# My 87 Stanza won't start



## Rustin99 (Jan 11, 2005)

I have an 87 Nissan Stanza GXE...automatic

My issues with it are the damn thing not starting...It ran fine, until I parked itr because I got a new truck...Now when I try to start it, it floods the engine too fast, you can smell alot of gas...here's what I have done.

new plugs, wires, cap, roter, drained gas tank,toyed with distributor... used octane booster, and still nothing I need some ideas I am exhausted of ideas....all it does is pretend like its gonna start.

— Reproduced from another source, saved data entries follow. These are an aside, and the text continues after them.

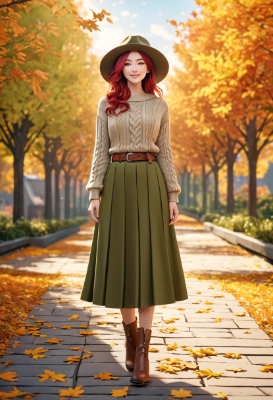 [ultra-realistic 4K rendering, Instagram-worthy, fall-themed photoshoot] A stunning woman with long flowing red hair, with a very human and lifelike face, wearing a cozy outfit consisting of a warm beige cable-knit sweater, a pleated olive green skirt, and a stylish brown belt. She is accessorized with a matching olive green hat, a leather shoulder bag, and sleek tan ankle boots. The background reflects the autumn season, with golden leaves scattered on the ground and a warm, inviting atmosphere. The woman is smiling warmly at the camera, full length, standing on a rustic path surrounded by soft, diffused natural light, captured in a high-resolution shot that highlights every detail, ultra-sharp focus.
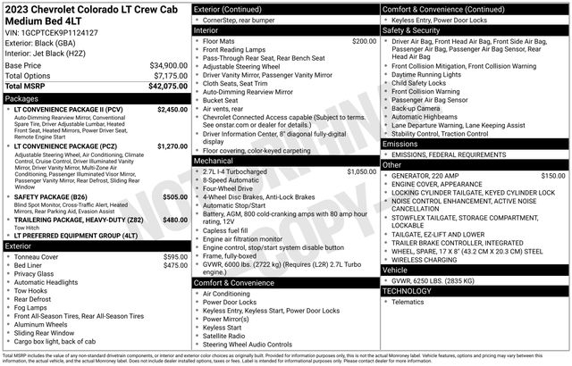 8-Way Power Driver Seat Adjuster, All-Weather Floor Mats, Apple CarPlay/Android Auto, Blind Zone Steering Assist, Driver & Front Passenger Illuminated Visors, Dual-Zone Automatic Air Conditioning, Electronic Automatic Cruise Control, EZ-Lift & Lower Tailgate, Front LED Fog Lamps, Heated Driver & Front Passenger Seats, Heated Power-Adjustable Outside Mirrors, Heavy-Duty Trailering Package, Inside Rear-View Auto-Dimming Mirror, Integrated Trailer Brake Controller, LT Convenience Package, LT Convenience Package II, Manual Rear-Sliding Window, Power Driver Lumbar Control Seat Adjuster, Rear Cross Traffic Braking, Rear Park Assist, Rear-Window Electric Defogger, Remote Vehicle Starter System, Safety Package, StowFlex Tailgate Storage Compartment, Tailgate Keyed Cylinder Lock, Tilt & Telescoping Steering Column, Wireless Charging, 1st & 2nd Row All-Weather Floor Liner (LPO), 220 Amp Generator, 3.42 Rear Axle Ratio, 4-Way Manual Passenger Seat Adjuster, 4-Wheel Disc Brakes, 6 Speakers, 6-Speaker Audio System Feature, 6-Way Manual Driver Seat Adjuster, ABS brakes, Air Conditioning, Alloy wheels, AM/FM radio: SiriusXM, Appearance Engine Cover, Auto High-beam Headlights, Automatic Emergency Braking, Black Spray-On Bedliner w/Chevrolet Logo, Brake assist, Bumpers: body-color, Chevy Safety Assist, Cloth Seat Trim, Compass, Delay-off headlights, Driver door bin, Driver vanity mirror, Dual front impact airbags, Dual front side impact airbags, Electronic Stability Control, Following Distance Indicator, Forward Collision Alert, Front anti-roll bar, Front Bucket Seats, Front Center Armrest, Front Pedestrian & Bicyclist Braking, Front reading lights, Front wheel independent suspension, Illuminated entry, IntelliBeam Automatic High Beam On/Off, Lane Keep Assist w/Lane Departure Warning, Low tire pressure warning, Navigation System, Noise Control Enhancement (DISC), Occupant sensing airbag, Outside temperature display, Overhead airbag, Overhead console, Panic alarm, Passenger door bin, Passenger Seatback Map Pocket, Passenger vanity mirror, Power door mirrors, Power steering, Power windows, Preferred Equipment Group 4LT, Radio data system, Radio: 11.3" Diagonal Advanced Color LCD Display, Rear reading lights, Rear step bumper, Remote keyless entry, Security system, SiriusXM Radio, Speed-sensing steering, Split folding rear seat, Steering Wheel Mounted Audio Controls, Steering wheel mounted audio controls, Tachometer, Tilt steering wheel, Traction control, Trip computer, Variably intermittent wipers, Vinyl Tonneau Cover w/Integrated Support Bows (LPO), Wheels: 17" x 8" Argent Metallic Aluminum, Wireless Phone Projection, 8-Way Power Driver Seat Adjuster, All-Weather Floor Mats, Apple CarPlay/Android Auto, Blind Zone Steering Assist, Driver & Front Passenger Illuminated Visors, Dual-Zone Automatic Air Conditioning, Electronic Automatic Cruise Control, EZ-Lift & Lower Tailgate, Front LED Fog Lamps, Heated Driver & Front Passenger Seats, Heated Power-Adjustable Outside Mirrors, Heavy-Duty Trailering Package, Inside Rear-View Auto-Dimming Mirror, Integrated Trailer Brake Controller, LT Convenience Package, LT Convenience Package II, Manual Rear-Sliding Window, Power Driver Lumbar Control Sea
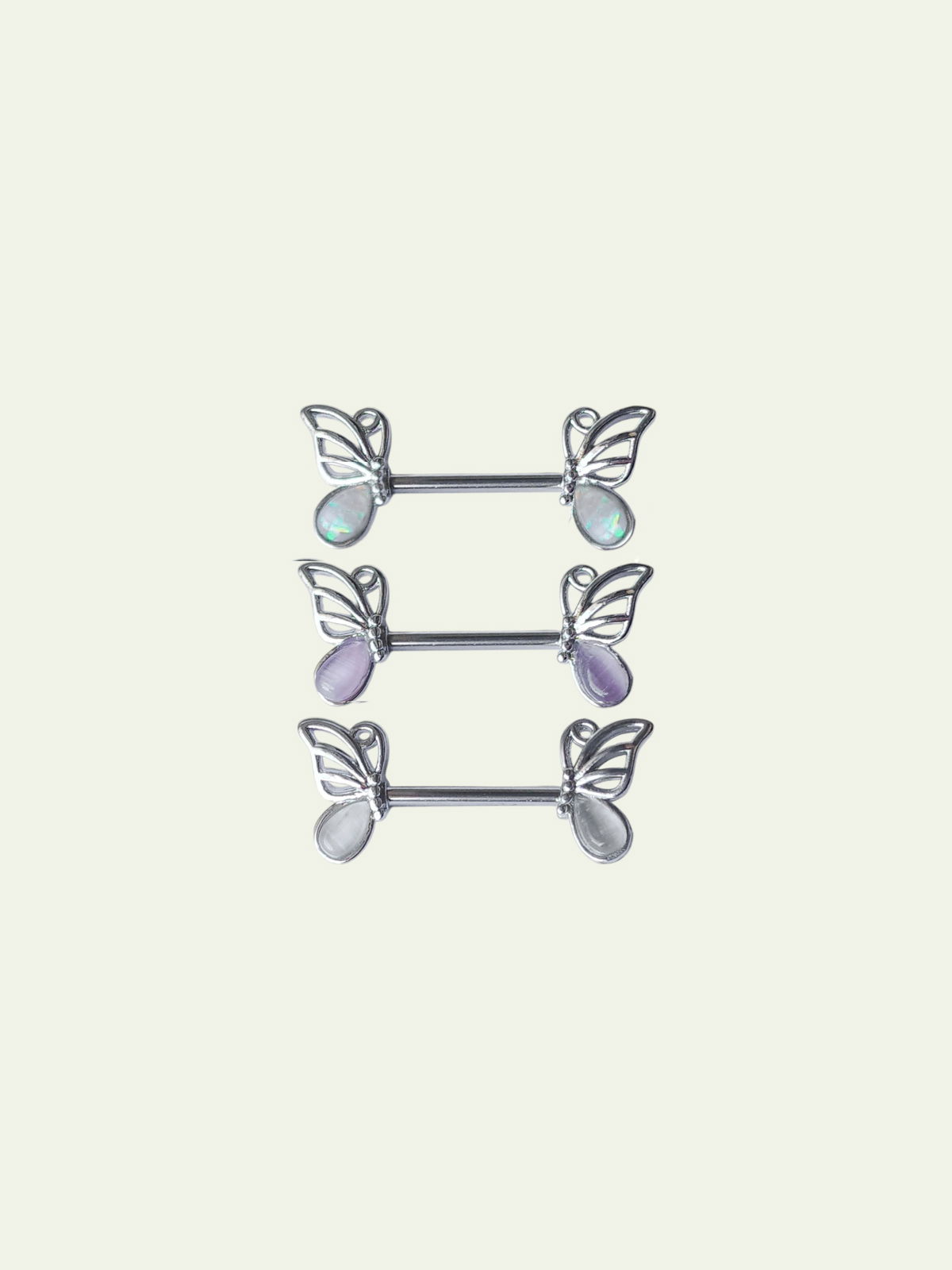 Barbell para el pezón estilo mariposa con ópalo. Este tipo de piercing se puede usar en la perforación del pezón

Any help would be greatly appreciated
AIM me at Souparus99


----------



## KA24Tech (Feb 2, 2004)

I don't think it is fuel, I think it is a problem with ignition. Pull a spark plug out and with plug wire attached ground the plug, then pull the fuel injection fuse and crank the engine. Watch the plug for the spark. If no spark, the CA20 has the same problems with it that the later KA24 has. So look inside the distributor for oil which interferes with the operation of the cam angle sensor. Try to spray it out with electrical parts and contact cleaner.
Start there and let me know what you find.

Troy


----------



## Rustin99 (Jan 11, 2005)

It gets spark just fine, I shocked my buddy with it... I am going to check the distributor this weekend and pull all plugs, pull thw fuse for the fuel pump and crank it over a few times, clean the pins on the ecu and see what happens...


----------